It's normal to feel on edge working in almost any industry these days. Why? Ongoing economic uncertainty, fear of layoffs, artificial intelligence-driven change, and heavy workloads are major stressors, with up to 65% of workers citing job insecurity as a key source of anxiety. There is no magic fix, but proven coping strategies can reduce anxiety, burnout, and harm to well-being. The following strategies build on each other. Test them and see if they make a positive difference.
- Recognize what you're feeling and verbalize it. Say, "I'm feeling anxious about my job." This breaks avoidance and denial patterns, lowering emotional intensity and facilitating calmer thinking.
- Act on what you can control. You can't predict employer decisions, but you start a $20-a-week emergency fund, update a resume, or learn a new skill. Small actions restore a sense of control.
- Do the basics: sleep, exercise, get good nutrition and hydration, and use stress-management skills.

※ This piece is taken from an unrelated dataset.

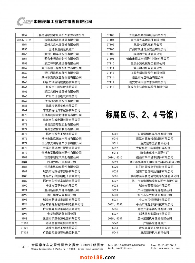内40 第77届(2019春)全国摩托车及配件展示交易会-青岛站参展单位名录
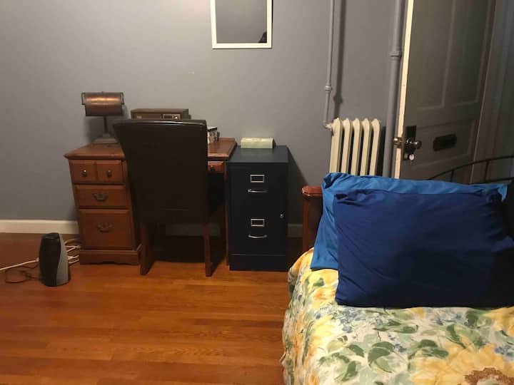 Io e mio marito stiamo restaurando la nostra casa del secolo (1896) nella pensione che era negli anni'20. Al momento ospitiamo noi stessi e la nostra co-host, la figlia adulta, Johanna. Quattro camere da letto private sono riservate agli ospiti Airbnb. La cucina, la sala da pranzo, il soggiorno, il ripostiglio e entrambi i bagni sono spazi condivisi in questo soggiorno in stile pensione/ostello.

- Lighten the emotional load by talking with people who offer empathic listening rather than advice. Healing comes from being heard.
- If worry overwhelms you, write your concerns down, even at night. This offloading through expressive writing calms the mind and limits catastrophizing.
- Be proactive to avoid helplessness. Counter it by updating skills, networking, researching, and building connections.